Start of Recorded information
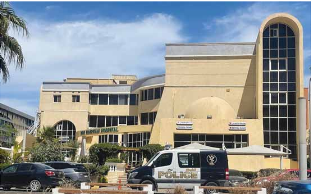
A police vehicle is parked in front of the hospital where survivors are treated.

ing to initial information, “most of those on board were rescued and taken to their hotels and hospitals in Hurghada”. Investigations were underway to determine the cause of the accident, the governor's office said, adding that 21 ambulances had been dispatched. The submarine “had a valid license and its crew leader had the requisite academic qualifications,” they added. “Six people were struggling under the water and we were able to pull them out,” a Sindbad employee told the governor in the hospital, according to a video shared by the governor's office. Four survivors, including at least one minor, were admitted to intensive care, according to the official statement. Hurghada, a resort town about 400km southeast of the Egyptian capital Cairo, is a major destination for visitors to Egypt, with its airport receiving more than 9mn passengers last year, according to state media. Thursday's forecast in the city was clear, with above average wind speeds reported but optimum visibility underwater. While dozens of tourist boats sail through the area daily for snorkelling and diving activities, Sindbad Submarines says it deploys the region's “only real” recreational submarine. The vessel had been operational in the area for multiple years, according to a source familiar with the company. The Red Sea's coral reefs and islands off Egypt's eastern coast are
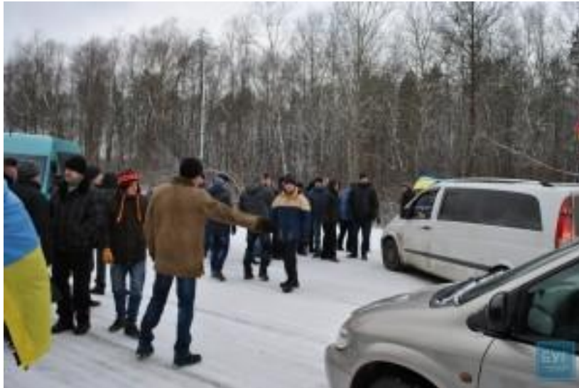
Striking miners at Novovolyns'kyi coal mine in Volyn region block a road on Dec 27, 2014
End of Recorded information
Work to be completed
Each line of the listing must be restated word for word, and the pictures left out.

Response
A police vehicle is parked in front of the hospital where survivors are treated.

ing to initial information, “most of those on board were rescued and taken to their hotels and hospitals in Hurghada”. Investigations were underway to determine the cause of the accident, the governor's office said, adding that 21 ambulances had been dispatched. The submarine “had a valid license and its crew leader had the requisite academic qualifications,” they added. “Six people were struggling under the water and we were able to pull them out,” a Sindbad employee told the governor in the hospital, according to a video shared by the governor's office. Four survivors, including at least one minor, were admitted to intensive care, according to the official statement. Hurghada, a resort town about 400km southeast of the Egyptian capital Cairo, is a major destination for visitors to Egypt, with its airport receiving more than 9mn passengers last year, according to state media. Thursday's forecast in the city was clear, with above average wind speeds reported but optimum visibility underwater. While dozens of tourist boats sail through the area daily for snorkelling and diving activities, Sindbad Submarines says it deploys the region's “only real” recreational submarine. The vessel had been operational in the area for multiple years, according to a source familiar with the company. The Red Sea's coral reefs and islands off Egypt's eastern coast are
Striking miners at Novovolyns'kyi coal mine in Volyn region block a road on Dec 27, 2014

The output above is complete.